Bond Report: 10-year Treasury climbs to highest yield in a month as 2-year adds to highest since March of 2020

United States

Yields for U.S. government debt were climbing Tuesday, pushing the benchmark Treasury 10-year note to the highest since late October, in the lead-up to the Thanksgiving on Thursday.

Treasury yields accelerated a climb as investors continued to digest President Joe Biden’s nomination on Monday of Jerome Powell for a second, four-year term as Federal Reserve Chairman, with growing expectations that he will drive interest rates higher.

What are yields doing?
  • The 10-year Treasury note TMUBMUSD10Y, 1.648% yield was at 1.657%, which would put the benchmark bond near its highest level since Oct. 22, compared with 1.625% at 3 p.m. Eastern Time on Monday.
  • The 2-year Treasury note TMUBMUSD02Y, 0.632% rate was at 0.652%, versus 0.580% on Monday, and adding to the notes highest climb since around March of 2020.
  • The 30-year Treasury bond TMUBMUSD30Y, 1.999% yields 2.005%, up from 1.978% Monday afternoon.
What’s driving the market

Treasury yields are rising higher on bets that Powell has a new mandate to accelerate the pace of the Fed’s reduction of monthly asset purchases, with an eye toward curbing a surge in inflation and eventually lifting interest rates.

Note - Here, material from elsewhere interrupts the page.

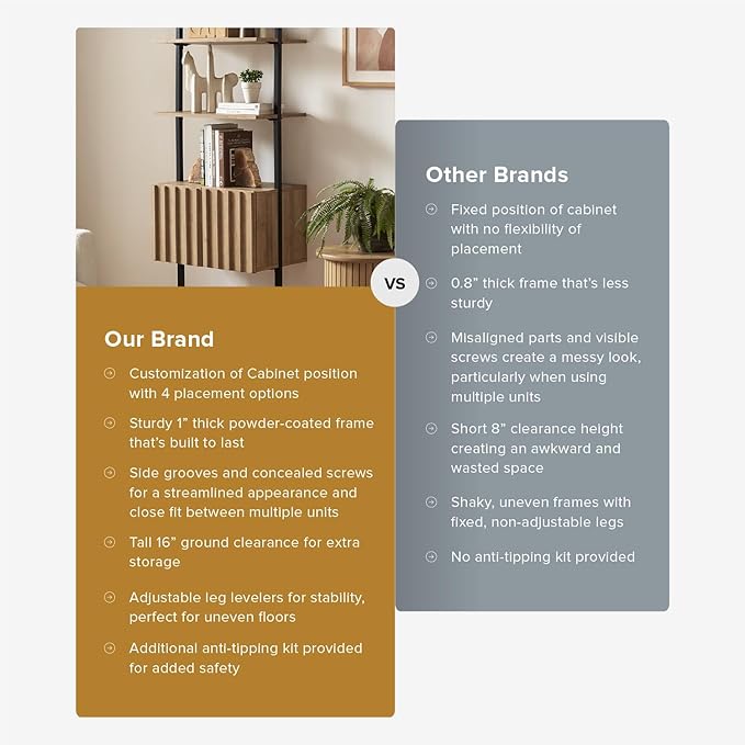 - Flexibility: With two storage areas which conceals adjustable shelves with 3 set heights, and two open niches, it gives you the flexibility of customizing your storage needs however you like it, with a perfect amount of space

Yields for the shorter-dated debt, the most sensitive to changing interest-rate expectations, have risen more briskly. The 2-year Treasury note yield is hanging around its highest level since March of 2020.

But yields have risen across the board, with Monday marking the sharpest yield climb for the 2s, 10s and 30-year government debt since Nov. 10, according to Dow Jones Market Data.

The selloff in bonds also has been amplified by seasonally lower volumes, analysts say, noting that the days before U.S. Thanksgiving tends to be comparatively thinly traded.

Looking ahead, investors are watching for a reading of the IHS Market U.S. flash composite purchasing managers indexes for both the manufacturing and services sectors at 9:45 a.m. ET.

Later in the session, there is an auction of $ 24 billion in 2-year of floating rate Treasury notes and a sale of $ 59 billion in seven-year TMUBMUSD07Y, 1.577% notes.

What strategists are saying

“Monday’s sell-off continued overnight, primarily because there’s nothing to stop it before the US holiday.  Volumes fell quickly after the triple hit from hawkish EU central bank talk, the big increase in real rates after Powell’s reappointment, and two weak Treasury auctions.  Selling is focused this morning on 7s and 5s, and small moves are enough to produce new highs on the 5-yr,” wrote Jim Vogel, executive vice president at FHN Financial.